7

Recently, Microsoft announced the option to download attendance in MS teams to keep track of who is joining and leaving. But, to take attendance in a class team, it is not quite useful since it does not give a proper way to know how much time the participant is there in the meeting.

For example,

df = pd.DataFrame([["Organiser Name","Joined","03/08/2020, 16:30:41"],
["Organiser Name","Left","03/08/2020, 17:03:32"],
["Organiser Name","Joined","03/08/2020, 17:04:25"],
["Student 1","Joined before","03/08/2020, 16:30:41"],
["Student 1","Joined before","03/08/2020, 17:04:27"],
["Student 2","Joined before","03/08/2020, 16:30:41"],
["Student 2","Joined","03/08/2020, 17:04:27"],
["Student 3","Joined","03/08/2020, 16:31:47"],
["Student 3","Joined","03/08/2020, 17:04:27"],
["Student 3","Left","03/08/2020, 17:30:32"],
["Student 4","Joined","03/08/2020, 16:32:01"],
["Student 4","Left","03/08/2020, 16:37:20"],
["Student 4","Joined","03/08/2020, 16:39:27"],
["Student 4","Joined","03/08/2020, 17:04:27"],
["Student 4","Left","03/08/2020, 17:17:19"],
["Student 4","Joined","03/08/2020, 17:19:13"],
["Student 5","Joined","03/08/2020, 16:35:41"],
["Student 5","Left","03/08/2020, 16:36:46"],
["Student 6","Joined","03/08/2020, 16:38:01"],
["Student 6","Left","03/08/2020, 16:40:14"],
["Student 7","Joined","03/08/2020, 17:15:08"],
["Student 7","Left","03/08/2020, 17:15:44"],
["Student 7","Joined","03/08/2020, 17:15:48"],
["Student 7","Left","03/08/2020, 17:15:54"],
["Student 8","Joined","03/08/2020, 17:18:12"],
["Student 8","Left","03/08/2020, 17:19:59"]], columns = ["Full Name","User Action","Timestamp"])
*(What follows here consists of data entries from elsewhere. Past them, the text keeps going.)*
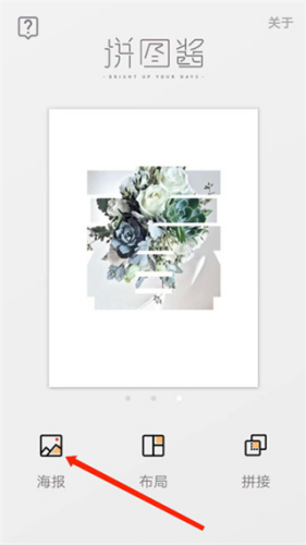1、打开软件,提供海报、布局、拼接等不同功能,以海报为例。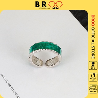 Nhẫn titan xanh rêu BROO unisex màu bạc đẹp thời trang freesize cho nam, nữ, cặp đôi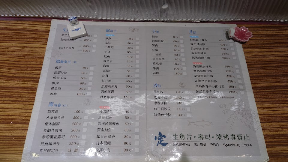 2024最新在地推薦餐廳的菜單_定日式料理。生魚片。握壽司。燒烤專賣店的菜單、圖片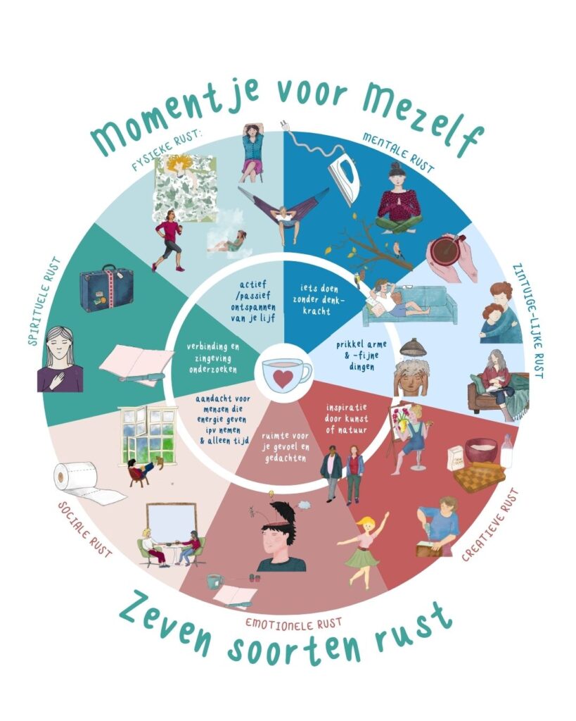 - Sociale, spirituele en emotionele rust: contact met een ander. Een kort praatje, een glimlach, een complimentje. Positieve verbinding doet meer voor je energie dan je denkt.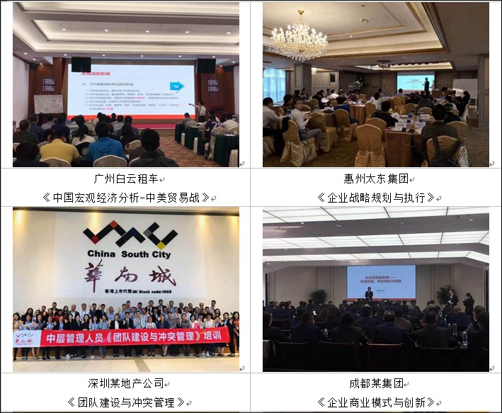 ● 曾受邀中鐵隧道局集團(tuán)有限公司進(jìn)行課程分享,主講《中國(guó)宏觀經(jīng)濟(jì)分析》、《危機(jī)公關(guān)》、《領(lǐng)導(dǎo)者的情商領(lǐng)導(dǎo)力修煉》,《團(tuán)隊(duì)建設(shè)執(zhí)行力》,返聘5期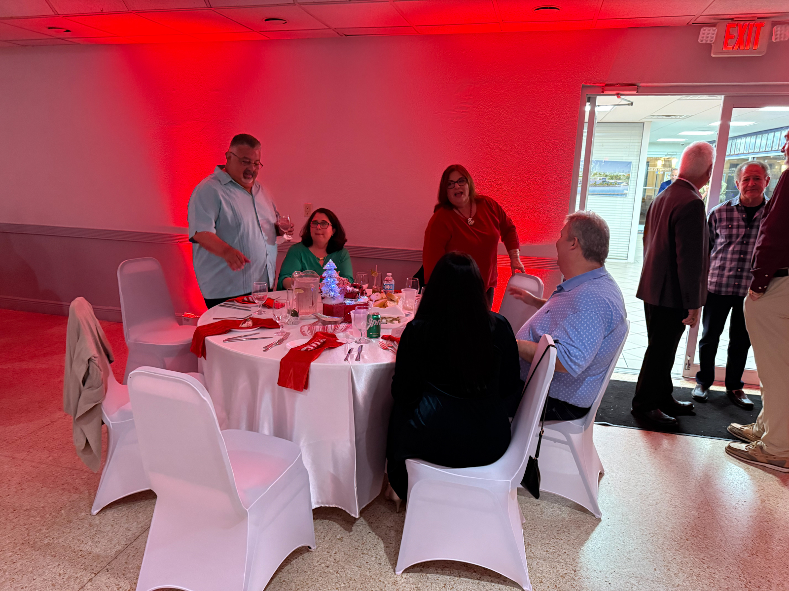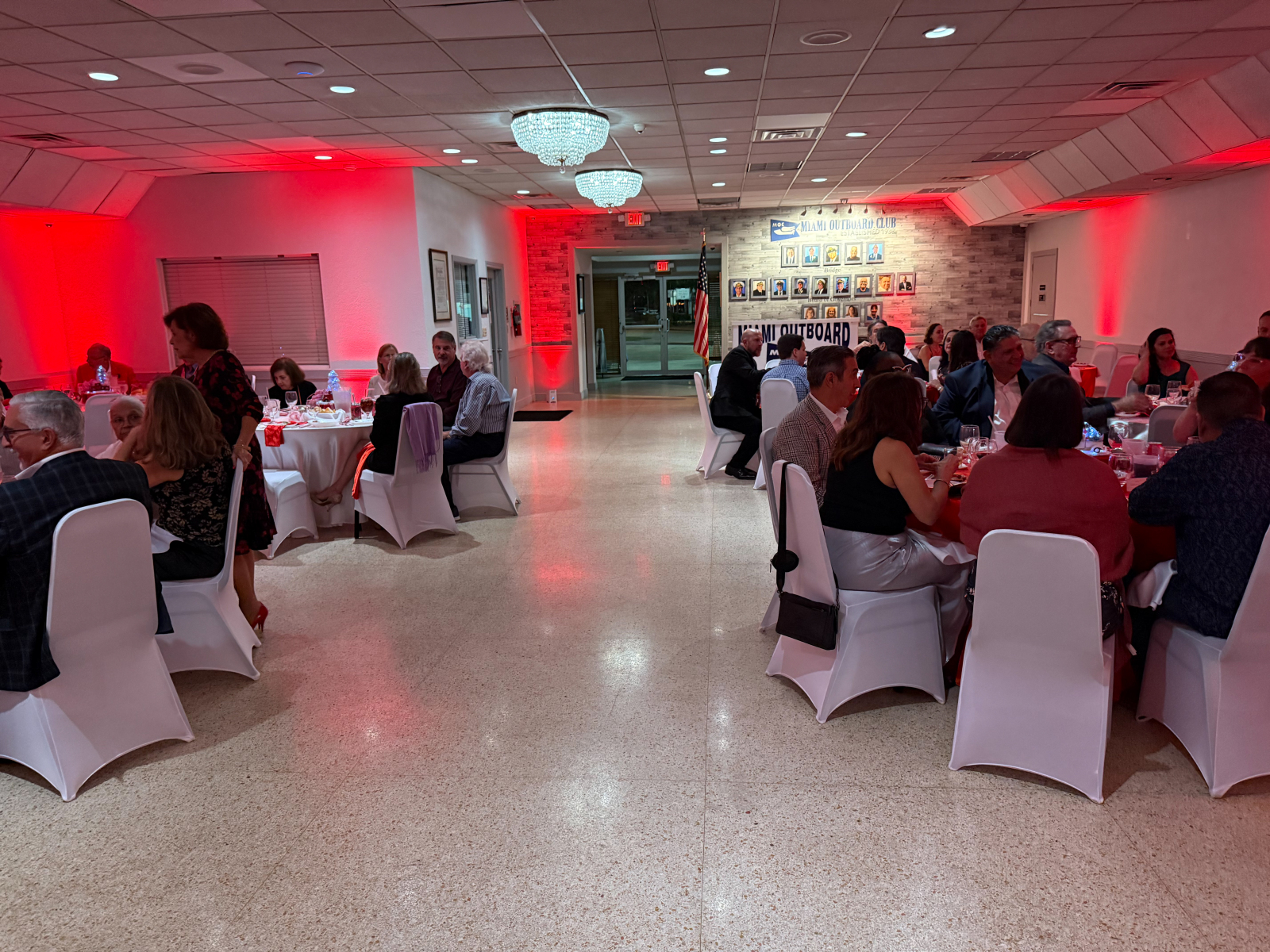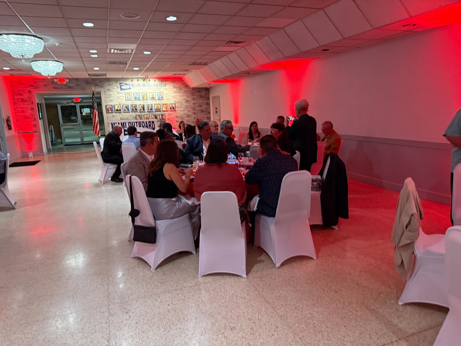 The Holiday Gale (Party) this year was at the same location we celebrated the 70th Anniversary of the club earlier this year. The Miami Outboard Clyb hosted both events and did an amazing job. Thanks to member Tony Hernandez for all the assistance with the MOC in getting everything ready. In charge of decorating Yovanna Hernandez, Millie Garcia, Al and Miriam Padilla did an amazing creative job as always. The venuw was set up with a very festive holiday theme and colors in red and white.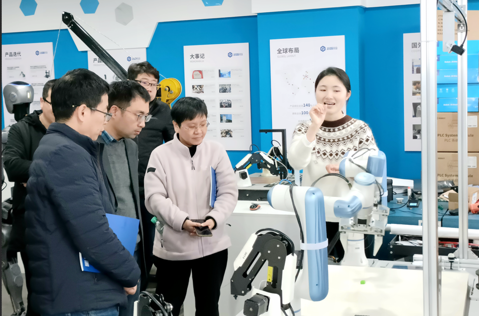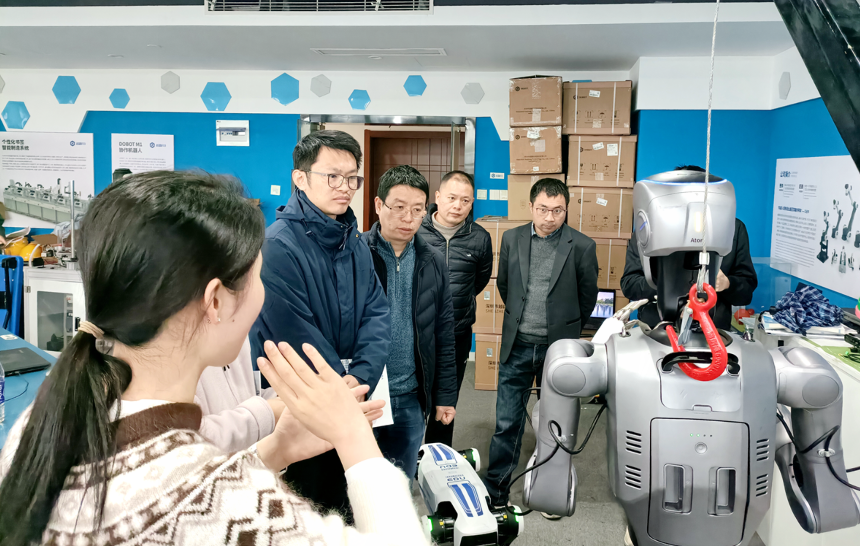 为加强实验教学与产业前沿的对接,推动人工智能、计算机及软件工程等相关专业的协同发展,3月24日上午,学院实验中心联合计算机系、人工智能系、软件工程系组成调研组,赴越疆机器人杭州分中心开展专题考察交流。调研组由实验中心教师、计算机系冯小青副教授、杨泽博士、人工智能系主任陈琰宏、软件工程系主任涂乐等组成,此次活动核心是了解具身智能领域技术进展与教育应用,探索产教协同人才培养新模式。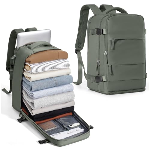 BJLFS Sac à Dos de Voyage Femme Cabine Avion 40x30x20 Ryanair Wizzair Bagage Cabine 40x30x20 Vueling Bagage à Main Homme Sac à Dos pour Ordinateur Portable Vert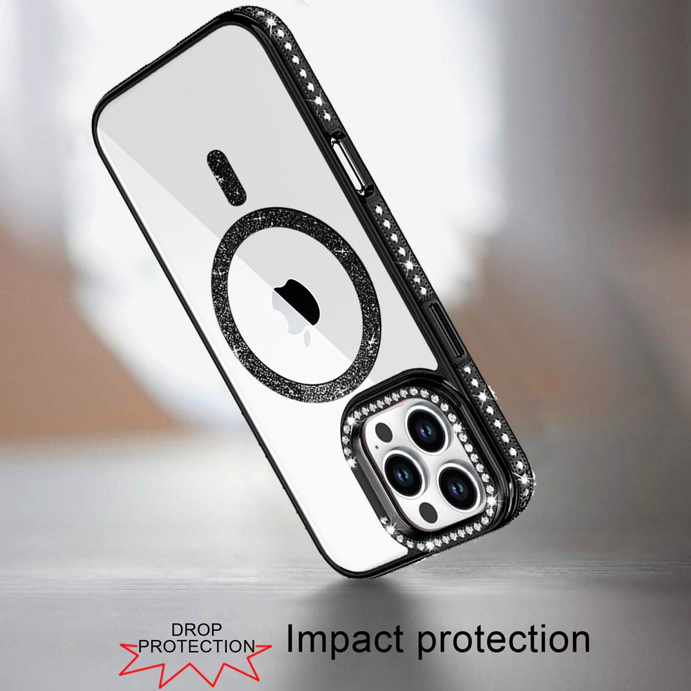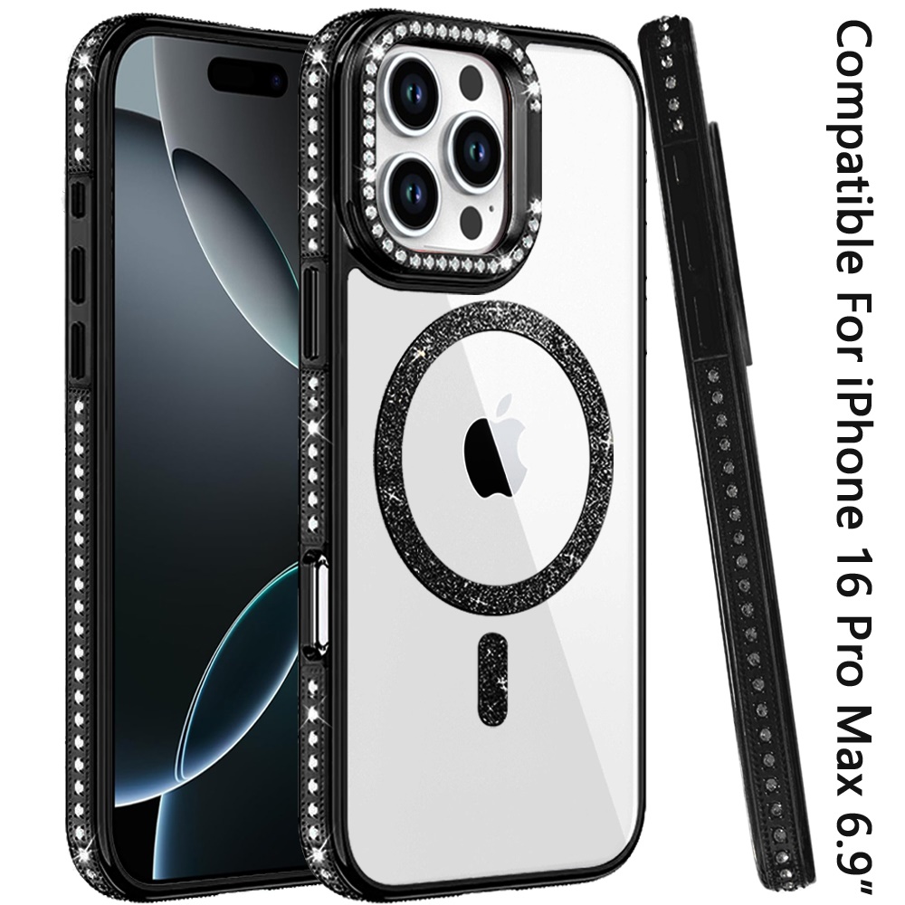 For iPhone 16 Pro Max 6.9 Luxury Diamond Edged Magnetic Glitter Circle Hybrid with Camera Stand - Black

This is an original meeting attendance list (only the names are replaced). Let's say suppose I end the meeting at 03/08/2020, 17:22:00 and I downloaded the attendance 2 minutes earlier,is there any way that I can think of summarizing this data using python? Like,

List of students and his/her duration in which he was there in the class

Then I can compare that with all the students and get the absentees list and as wells as will be able to decide whether to give attendance or not depends on how long the students are in the class.

I don't have any base code in mind since I am confused about the following:

  1. In between I miss some left time but there are two consecutive joined time
  2. When I leave the meeting due to some internet issues and rejoin, then there is no information about who left and joined between myself leaving and rejoining.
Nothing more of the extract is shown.